Louisianans racked up a big win as parameters of the impending Meta, Inc. data center in Richland Parish put the effort on course for delivering maximal economic benefits with minimal consumer costs.
A number of special interests tried to prevent that. Some were anti-fossil fuel/pro-catastrophic anthropogenic global warming believers who primarily oppose the effort because it would encourage significantly more natural gas use and secondarily as they desire guaranteed greater use of more expensive/less reliable renewable sources of energy for the project. Others are aggrieved large-scale consumers who want to create alternative paths for energy acquisition without having to go through Entergy Louisiana, the supplier for the project.
Over the past few months, activity has involved attempts by opponents to delay the expedited approval process, but an administrative law judge sidetracked multiple efforts to do so. This led to a two-day hearing earlier this month that will lead to a recommendation by the judge about the parameters for approval by the Louisiana Public Service Commission, but public aspects of that already have been worked out in a settlement agreement among all parties. The LPSC must give eventual approval because Entergy wants to build and operate three natural gas plants as the bulk of power for Meta’s operations.
Meta said it would commit 1.5 gigawatts at least, and then bumped this up to 2 GW, of renewable resources into the power commitment that could go as high as 5 GW, although Entergy’s request is for 3 GW of capacity. However, crucially and desirably Entergy is not unequivocally committed to having to provide that renewable source portion in the settlement.
That noted, Meta has served notice it can go out and seek this on its own, just last week signing an agreement to supply Texas operations with 600 megawatts of renewable resources.
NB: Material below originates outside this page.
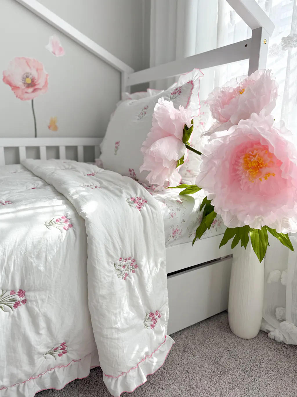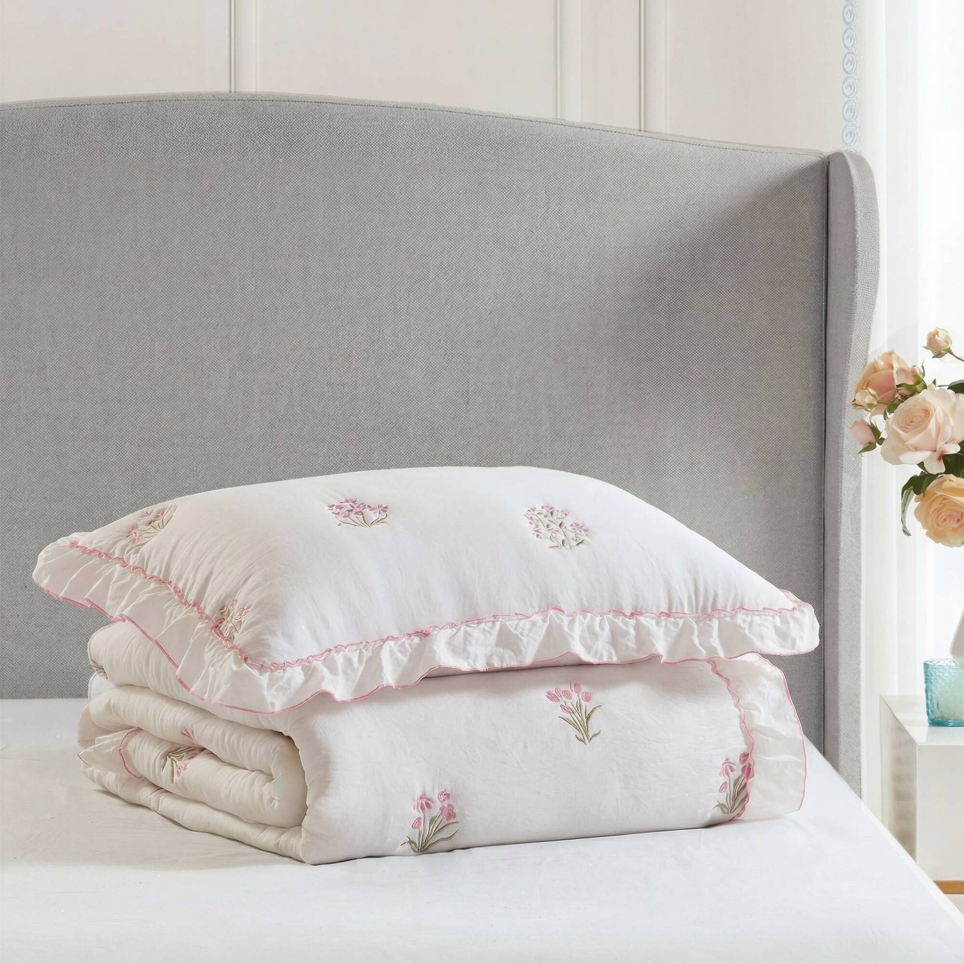 - Designed for a Romantic Youth Lifestyle With its soft color palette, floral embroidery, and ruffled edge, this quilt embodies a romantic sweet aesthetic that suits youth and young adults who want comfort with a feminine and dreamy touch.

However, as long as Entergy isn’t involved, there’s no chance this more expensive provision would be passed along to other ratepayers.
Opponents also are distressed that the guaranteed portion of the contract extends only 15 years, whereas the typical gas generator lasts twice that length in service, with them saying that costs beyond the contract if terminated then would fall onto Entergy ratepayers. This is a tactic to discourage building of more fossil fuel capacity. However, Entergy notes that projected service growth could absorb that capacity if it becomes available, negating the need for it to build other new generating sources and pass that on to consumers.
Finally, opponents object to Meta not paying in entirety all new costs associated with the project, principally expenses for transmission, as a tactic to increase Meta project costs to stall the deal. But Entergy reasonably notes some of this capacity can be used to send power to customers other than Meta, so Meta shouldn’t have to pay full freight.
The settlement reflected these sentiments, and it appears very probable the PSC will hew closely to that when it decides formally later this year. Often a skeptic of new fossil fuel provision and possessing CAGW sympathies, the area’s Democrat Public Service Commissioner Foster Campbell has backed the project, and the PSC majority Republican commissioners seem highly likely to concur.
It needs to follow through along the settlement parameters. The economic impact will be sizeable in northeast Louisiana, according to a study commissioned by the Grow NELA interest group. It predicts 545 direct permanent jobs created, almost all in the region, at an average salary of over $75,000 yearly, beefing up sales tax revenues by $163 million over five years. Another $200 million in infrastructure improvements will spill over, and temporary construction activity will pump in another $320 million.
Naysayers to the eminently reasonable deal as currently on the table would toss this away as they cower to their unfounded CAGW fears. The PSC must ignore that emotional outburst and stick to the facts to ratify the Entergy request.